Some observational studies have analysed the association between flavonoids and atopic rhinitis. The extract of French maritime bark, which is rich in flavonoids, appeared to reduce eye and nasal symptoms, but the results were limited by the small sample of participants(Reference Ross51). In another clinical trial, a preventive effect of enzymatically modified isoquercitrin was found on ocular symptoms, but not on nasal symptoms(Reference Hirano, Kawai and Arimitsu52).

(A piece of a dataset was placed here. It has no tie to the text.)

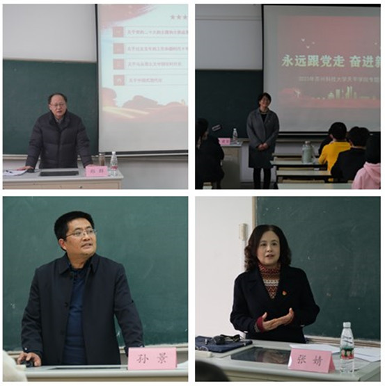 党委书记郑群围绕青年的使命担当,他用鲜活的案例勉励同学们珍惜学习时光,不负韶华,勤学担当,成人成才;院长王建芳勉励学生要多读书、勤思考,从书本中汲取智慧和营养,修身养志、增长才干;党委副书记、副院长孙景要求同学们要善于把所学的知识运用到实际工作中去,坚定理想信念,熔铸精神之魂;副院长张婧结合时事,用学生喜闻乐见的热点新闻,引导学生思考青年人的责任与担当。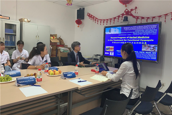 在學(xué)術(shù)交流活動中,Suzuki教授做題為《草藥治療功能性消化不良(FD)的新進(jìn)展》的專題報告。Suzuki教授對羅馬Ⅳ中FD的定義、分類及發(fā)病機(jī)制做了詳細(xì)的介紹并結(jié)合多項(xiàng)臨床研究進(jìn)行了闡釋,并重點(diǎn)介紹了本團(tuán)隊(duì)針對六君子湯治療FD的一項(xiàng)臨床研究。肖英蓮教授做題為《中草藥治療功能性胃腸?。?span lang="EN-US">FGIDs)的薈萃分析》的專題報告,肖教授結(jié)合目前臨床研究就團(tuán)隊(duì)的一項(xiàng)中草藥治療FGIDs的薈萃分析進(jìn)行了分析,結(jié)果顯示,中草藥治療FGIDs療效優(yōu)于安慰劑和傳統(tǒng)西藥,中草藥不良反應(yīng)發(fā)生率與傳統(tǒng)西藥無明顯差異。會上,我所王鳳云副主任簡要介紹了脾胃病研究所的基本情況和研究方向,并重點(diǎn)介紹了本團(tuán)隊(duì)學(xué)科帶頭人唐旭東教授及其帶領(lǐng)下在FD方面開展的研究及取得的成果。最后,各位專家就目前中草藥研究存在的問題進(jìn)行了熱烈探討,與會人員就中草藥的安慰劑制作、Hp耐藥、中成藥的推廣應(yīng)用等熱點(diǎn)、難點(diǎn)問題進(jìn)行了深入探討。

Our study has several strengths. We considered several chronic respiratory diseases, giving a wide view of the possible role of flavonoids in different pulmonary health conditions. Case and control status was assessed in a two-stage process; first by a screening questionnaire on symptoms and use of medicines, then through a clinical visit(Reference de Marco, Accordini and Antonicelli21). The EPIC FFQ was validated through comparison with multiple interviews and the analysis of nitrogen in urine samples(Reference Pisani, Faggiano and Krogh28). We analysed the associations between flavonoid intakes and chronic respiratory diseases considering seven subclasses of flavonoids, computed using data from the US Department of Agriculture database, which provides updated information of flavonoid contents of foods.

We acknowledge some limitations to the study. Having five case groups and only one control group might have reduced the power to detect statistically significant differences between the participants. Moreover, we defined the potential confounders a priori based on pre-existing knowledge on their relationship with flavonoids and with the outcomes evaluated; however, residual confounding may still exist. The Italian version of the EPIC FFQ provides an extensive list of foods with high content of flavonoids, which allowed us to derive estimates for all major subclasses. However, the earlier validation study of the Italian version of the EPIC FFQ showed modest levels of agreement in the intakes of macronutrients and some foods, and has not been validated specifically for flavonoid intake(Reference Pisani, Faggiano and Krogh28). Finally, we used data from a single FFQ and assumed that adults maintained relatively stable dietary habits to investigate disease risk(Reference Macdonald, New and Reid53).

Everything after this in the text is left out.